129 patients (median age 48.8 years; range 19-91 years) underwent D-Dimer assessment after a median (IQR) of 94 days (64-130) following COVID-19. D-dimer elevation was found in 15% (19/129) and was significantly more common in patients who had experienced a severe SARS-CoV2 infection that had required hospitalisation compared to patients with mild disease (p = 0.049). Contrast-medium CT (n = 15) revealed an acute pulmonary embolism in one patient and CTEPH in another patient. A significant lower mean pO2 (p = 0.015) and AaDO2 (p = 0.043) were observed in patients with persistent D-Dimer elevation, but the rate of GGO were similar in both patient groups (p = 0.33).

CONCLUSION

In 15% of the patients recovered from COVID-19, persistent D-dimer elevation was observed after a median of 3 months following COVID-19. These patients had experienced a more severe COVID and still presented more frequently a lower mean pO2 and AaDO2.

摘要

背景

升高的 D-二聚体被认为是 SARS-CoV2 感染严重程度的预测指标。升高的 D-二聚体与血栓栓塞并发症有关,但它也是 COVID-19 肺炎中急性肺损伤的直接后果。

目的

评估从 COVID-19 康复后持续升高的 D-二聚体的发生率及其与血栓栓塞并发症和持续磨玻璃影(GGO)的关系。

方法

在这项前瞻性多中心试验的事后分析中,患者在 COVID-19 后接受血液采样、弥散能力测量、血气分析和多排螺旋 CT(MDCT)扫描。如果 D-二聚体升高(>0.5μg/ml),且无禁忌证,行额外的对比剂增强 CT。
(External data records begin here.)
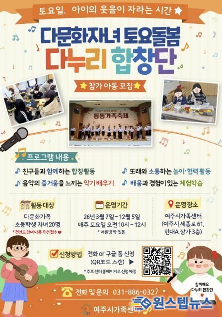 원스텝뉴스 이병희 기자 | 여주시가족센터는 여주시의 지원을 받아 다문화가족 자녀를 대상으로 운영한 토요돌봄 프로그램 ‘다누리 합창단’의 2025년도 운영을 성공적으로 마무리하고, 2026년도 프로그램 운영을 재개하며 참여 아동을 모집한다.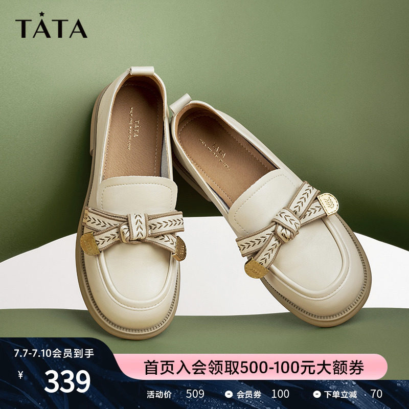券 100元销量300Tata他她通勤乐福鞋女平底单鞋英伦风一脚蹬皮鞋春季新款7QC23AA2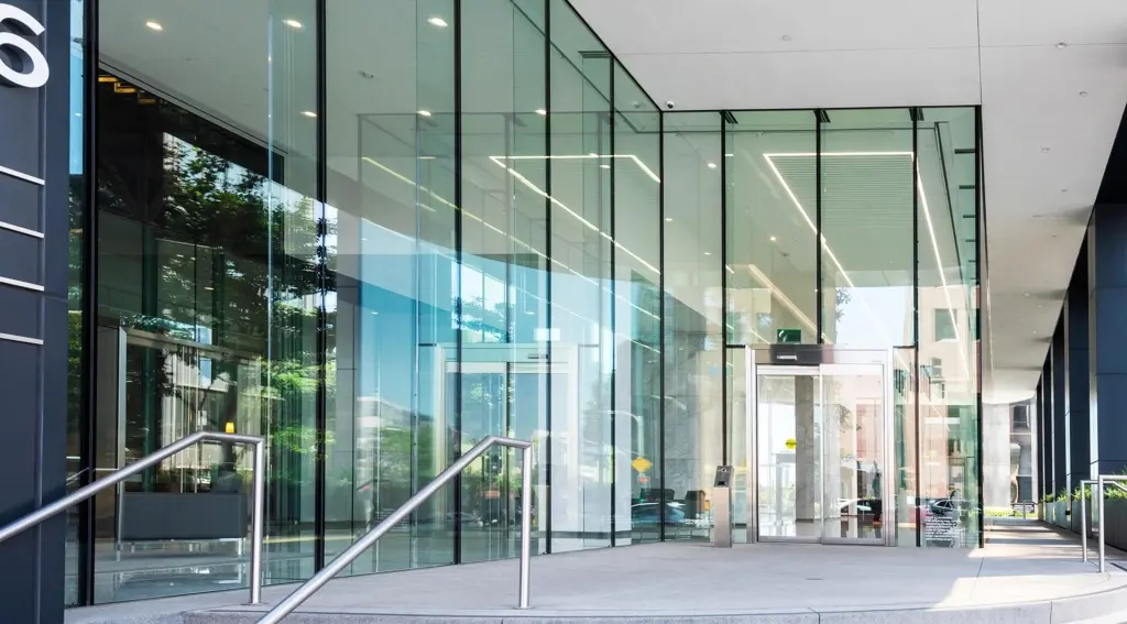 Sentech’s latest project feature is located in the heart of Westwood, at the corner of iconic Wilshire Boulevard and Glendon Avenue. Originally built in 1987, the 16-story tower went through an extensive lobby renovation designed by Gensler in 2023, complete with a striking marble and jumbo structural glass façade. Setting a modern tone that resonates throughout the property, the Class A office building is located directly across the street from the Hammer Museum, and within walking distance of an array of upscale dining, shopping, the renowned Westwood Village and UCLA’s campus. Sentech Architectural Systems designed, engineered and supplied 12 exterior VetraFin-G insulated structural glass walls and 4 interior VetraSpan structural glass walls, totaling over 6,000 square feet of interior and exterior structural glass. Soaring more than 20 feet from sill to head without the use of any vertical support materials, the structural glass façades exude timeless elegance, serving as a connection point for visitors, tenants and the public alike.

比较持续 D-二聚体升高患者和 D-二聚体正常患者的结果。

结果

129 例患者(中位年龄 48.8 岁;范围 19-91 岁)在 COVID-19 后中位(IQR)94 天(64-130)接受 D-二聚体评估。15%(19/129)的患者发现 D-二聚体升高,与轻症患者相比,需要住院治疗的严重 SARS-CoV2 感染患者 D-二聚体升高更为常见(p=0.049)。对比剂 CT(n=15)发现 1 例急性肺栓塞和 1 例 CTPE。持续 D-二聚体升高患者的平均 pO2(p=0.015)和 AaDO2(p=0.043)显著降低,但两组患者的 GGO 发生率相似(p=0.33)。

结论

在 COVID-19 康复的 15%的患者中,在 COVID-19 后中位数为 3 个月时观察到持续的 D-二聚体升高。这些患者经历了更严重的 COVID,仍然更频繁地表现出较低的平均 pO2 和 AaDO2。